Germany - Weimar Republic: Prussian State Mint Commemorative Medal for the Crew of the First Non-Stop East-West Transatlantic Flight of the Bremen 1928, silver.
Condition: some slight marks in field, very slight edge bruise, Good Very Fine.
Provenance: R.G.I. White Collection, Baldwin Auction 35, 13th-15th October 2003, Part Lot 1995.
Silver, obverse with the image of the Bremen flying low over the waves, the reverse with the names of the two pilots, Hünefeld and Köhl, and the Irish navigator, James Fitzmaurice.
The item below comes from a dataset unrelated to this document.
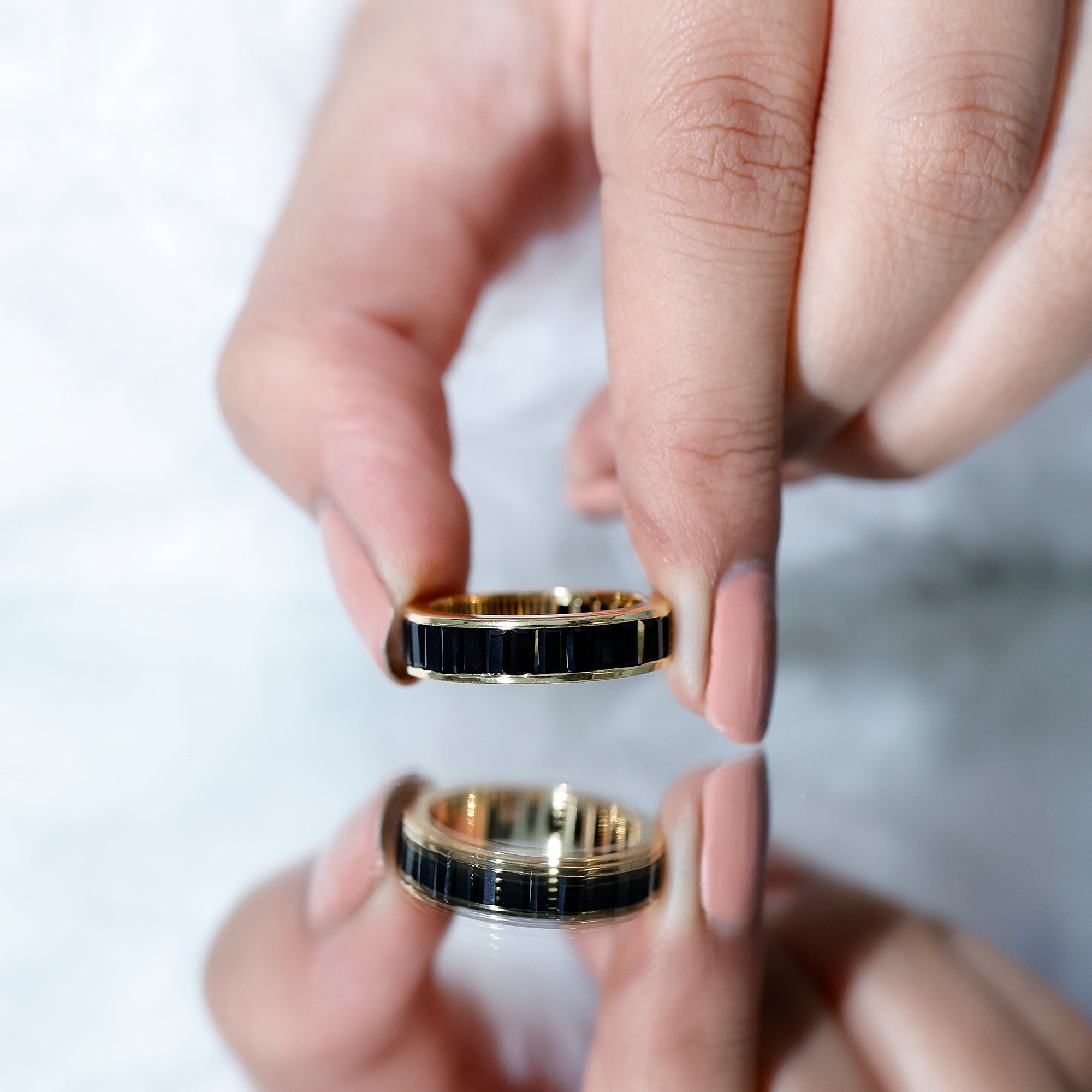 You’ll typically witness Black Onyx Rings that are (comparatively) large. So for aesthetic purposes, it’s advisable to slip it over the index or middle finger. (since you can fully flaunt this gold ring with black stone that way). Apart from that, everything ultimately boils down to your choice of preference and sense of style.
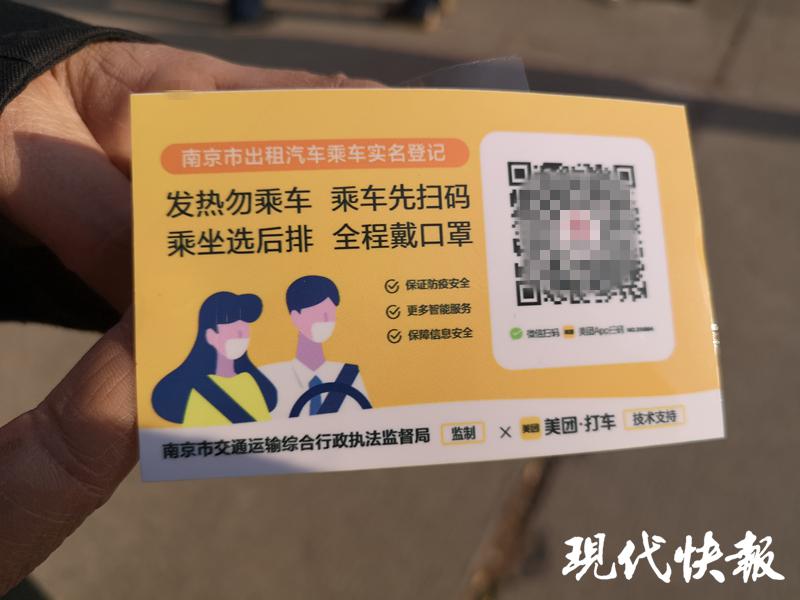 据介绍,为便于新冠肺炎疫情跟踪溯源管理,南京市交通综合执法局延续 2020年2月份乘客乘坐出租汽车扫码进行实名登记的办法,要求自本周起,南京市市域经营权出租汽车的后排窗口位置开始张贴行程信息采集二维码,对乘客乘坐出租汽车的出行信息进行扫码采集。

Rim stamped ‘Preuss. Staatsmünze Silver 900 Fein’, measuring 36 mm in diameter.
After Charles Lindbergh crossed the Atlantic from West to East in May 1927, the idea of flying in the opposite direction, which is more difficult because of the prevailing winds, became more and more popular. The Bremen was a German Junkers W 33 aircraft that made the first successful transatlantic aeroplane flight from east to west on 12th and 13th April 1928. After weather delays lasting 17 days, the Bremen left Baldonnel Aerodrome, Ireland, on 12th April with a three man crew, arriving at Greenly Island, Canada, on 13th April, after a flight fraught with difficult conditions and compass problems.